Burmistrz Malmö Katrin Stjernfeldt Jammeh, także z centro-lewicowej partii Socjaldemokratów, wypowiedziała się w bardzo podobnym duchu.
„Oczywiście, że to trudna sytuacja dla osób, które nie maja się dokąd udać. Możemy im zaoferować tymczasowe schronienie i odesłać ich do Rumunii,” powiedziała ona agencji TT.
Obozowisko było schronieniem dla około 200 osób, jednak zgodnie z decyzją komitetu środowiskowego Rady Miejskiej Malmö, mieli oni opuścić to miejsce przed godziną 16:00 w niedzielę, w przeciwnym przypadku mieli zostać stamtąd usunięci siłą. Decyzja została umotywowana zagrożeniem zdrowia zarówno osób przebywających w obozowisku jak i sąsiednich mieszkańców.

Jednak w niedzielę policja nie pojawiła się na miejscu i cześć z mieszkańców spędziła tam noc, chociaż pojawiły się głosy, że wyrzucanie rozpocznie się w poniedziałek rano.
Zgodnie ze szwedzkim prawem zarówno lokalni mieszkańcy, jak i przyjezdni, mają prawo przechodzić i obozować praktycznie na każdym wolnym terenie, oprócz miejsc publicznych przylegających do terenu zamieszkanego lub prywatnych ogrodów.
Przypadek obozu w Malmö jest wyjątkowy, gdyż początkowo właściciele terenu tolerowali pobyt imigrantów w tym miejscu, a dopiero po 6 miesiącach złożyli doniesienie do policji o bezprawnym zajęciu terenu.
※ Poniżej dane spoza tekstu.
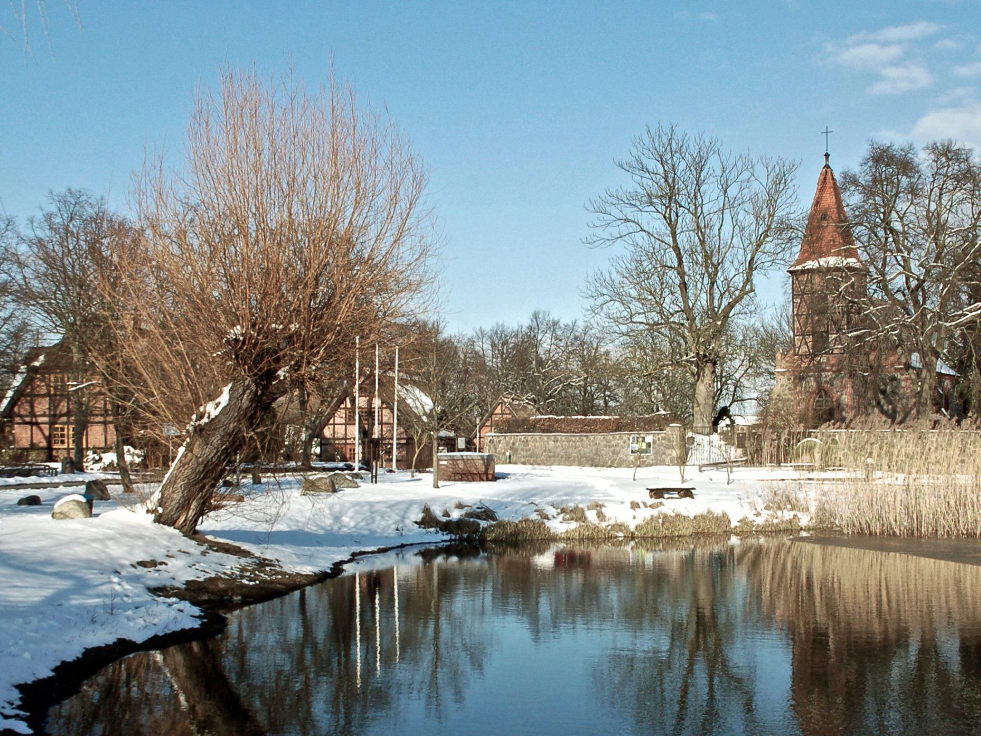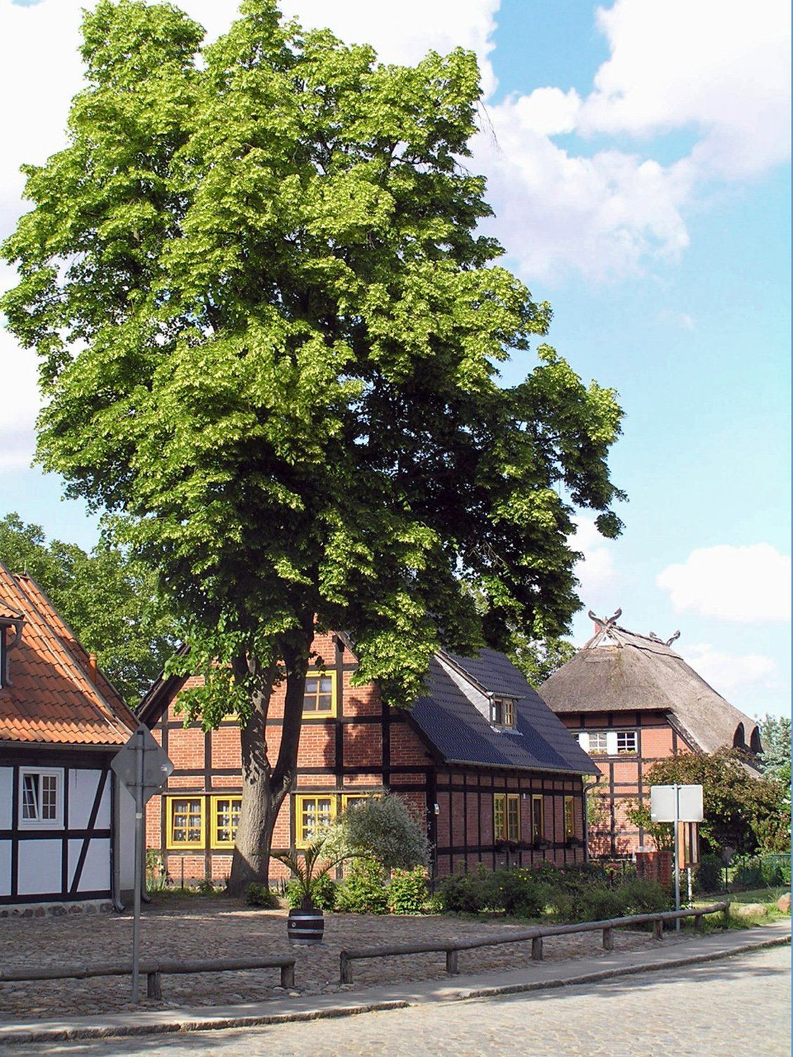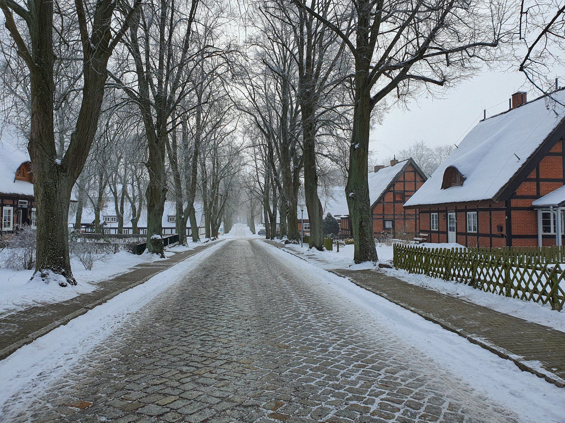 Den Dorfkern bildet heute ein einheitliches Bauensemble mit reetgedeckten Fachwerkhäusern, die unter Denkmalschutz stehen.

W obozie przebywali głównie Romowie z Rumunii i Bułgarii.
Szwedzki rząd publicznie ogłosił, że zajmie się uregulowaniem prawa dotyczącego eksmisji.
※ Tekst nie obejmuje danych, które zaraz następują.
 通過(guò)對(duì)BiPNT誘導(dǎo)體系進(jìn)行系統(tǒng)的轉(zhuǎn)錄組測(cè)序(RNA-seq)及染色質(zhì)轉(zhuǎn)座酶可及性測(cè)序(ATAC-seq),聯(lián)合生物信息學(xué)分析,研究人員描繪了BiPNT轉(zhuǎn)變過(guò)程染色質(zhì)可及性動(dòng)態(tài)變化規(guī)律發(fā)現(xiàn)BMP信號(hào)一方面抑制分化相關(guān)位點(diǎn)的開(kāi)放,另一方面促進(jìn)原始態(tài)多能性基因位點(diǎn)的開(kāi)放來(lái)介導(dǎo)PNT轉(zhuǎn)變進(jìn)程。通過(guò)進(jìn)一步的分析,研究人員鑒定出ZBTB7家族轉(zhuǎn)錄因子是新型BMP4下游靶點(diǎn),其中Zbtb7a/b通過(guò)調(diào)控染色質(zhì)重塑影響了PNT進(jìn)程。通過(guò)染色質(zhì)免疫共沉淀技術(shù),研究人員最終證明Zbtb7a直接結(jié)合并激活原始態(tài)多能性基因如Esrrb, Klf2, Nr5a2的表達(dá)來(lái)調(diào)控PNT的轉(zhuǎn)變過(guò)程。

Niektóre szwedzkie gminy, dokonywały już eksmisji grup Romów z terenów publicznych, jeden taki przypadek miał nawet miejsce w Sztokholmie.
Rada Miejska Malmö zaoferowała noclegi na pięć kolejnych nocy 50 osobom z obozowiska i proponuje pomoc w szukaniu rozwiązań dla nich w ich rodzinnych miejscowościach w Rumunii.